28. The tubing injection system as specified in claim 27, wherein
the injector head includes two continuously movable members
positioned opposite each other and spaced apart to define the
opening in the injector head, each such movable member having
connected thereto a plurality of spaced holding blocks for gripping
the tubular member when the predetermined gripping force is applied
to the movable members.
29. The tubing injection system as specified in claim 28, wherein
the ram system contains at least one ram and wherein each of the
movable members is slidably coupled to a stationary member in a
manner that allows the ram member to control the opening between
the movable members.
Description
BACKGROUND OF THE INVENTION
1. Field of the Invention
This invention relates generally to drilling systems for drilling
wellbores and more particularly to drilling system having (a) a
remotely and automatically controllable tubing injection system for
running different types of tubings into the wellbore, (b) an
automatically controllable wellhead equipment and (c) a tubing
guidance system which imparts less stress into the tubing compared
to goosenecks typically utilized for passing the tubing fromt a
tubing reel to an injector head.
2. Background of the Art
Drilling rigs and workover rigs are utilized to run into wellbores
a drill pipe, production pipe or casing during the drilling or
servicing operations. Such rigs are expensive and the drilling and
service operations are time-consuming. To reduce or minimize the
time and expense involved in using jointed pipes or jointed tubing,
operators often use coiled tubing instead for performing drilling
and/or workover operations.
During the early applications of such coiled tubing use, smaller
diameter coiled tubing, typically approximately one inch, was used.
Use of the smaller diameter coiled tubing limits the amount of
fluid flow therethrough, amount of compression force that can be
transmitted through the tubing to the bottomhole assembly, amount
of tension that can be placed on the tubing, amount of torque that
the tubing can withstand, type and weight of the tools that can be
utilized to perform drilling or servicing operations, and the
length of the tubing that can be used.
Due to improvements in the materials used for making the tubings
and improvement in the tubing-handling equipment, coiled tubings of
varying sizes are now used, including coiled tubing greater that
three inches in outside diameter.
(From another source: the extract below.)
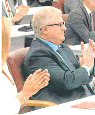
Vélez, durante el pleno en el Parlamento.

El socialista no cree que esto sea un pacto 'in extremis'. Está convencido de que López Miras «lleva más de tres meses engañando a la ciudadanía de la Región». Y en este punto le recordó

However, the design of the rigs,
injector systems, especially the injector heads, and the equipment
for handling the tubing from a tubing reel to the injector head are
still typically designed to run a specific tubing size.
Additionally, most of the operations of the injector head, tubing
reel and wellhead equipment are manually performed by operators who
respond to visual gauges to operate a variety of control valves
that direct hydraulic power to different elements of the injector
head, tubing reel and the wellhead equipment.
Additionally, the injector head is typically placed on the wellhead
equipment. To attach a bottomhole assembly such as a drilling
assembly, the injector head is removed from the wellhead equipment
to insert the bottomhole assembly into the wellhead equipment. U.S.
patent application Ser. No. 08/600,842, filed on Feb. 13, 1996,
titled "Universal Pipe Tubing Injection Apparatus And Method," by
the inventors of this application, which is incorporated herein by
reference, discloses injector head and gooseneck systems which
alleviate many of the problems with the prior art systems. This
application discloses systems having vertically-movable injector
head and gooseneck, which allow the operator to connect and
disconnect the bottomhole assembly to the tubing on a working
platform.
Some of the above-described systems still require moving the
injector head from its operating position whenever a relatively
larger diameter bottomhole assembly is to be inserted into a
wellbore through the wellhead equipment. These systems also do not
provide an injector head that allows the passage of both tubings
and bottomhole assemblies of a variety of sizes to pass through the
injector head when the bottomhole assembly is already connected to
the tubing.
Additionally, the injector heads utilized in the systems discussed
above, typically bite into the tubing and frequently induce undue
radial stress into the tubing which either results in reducing the
useful life of the tubing or damaging the tubing during operations.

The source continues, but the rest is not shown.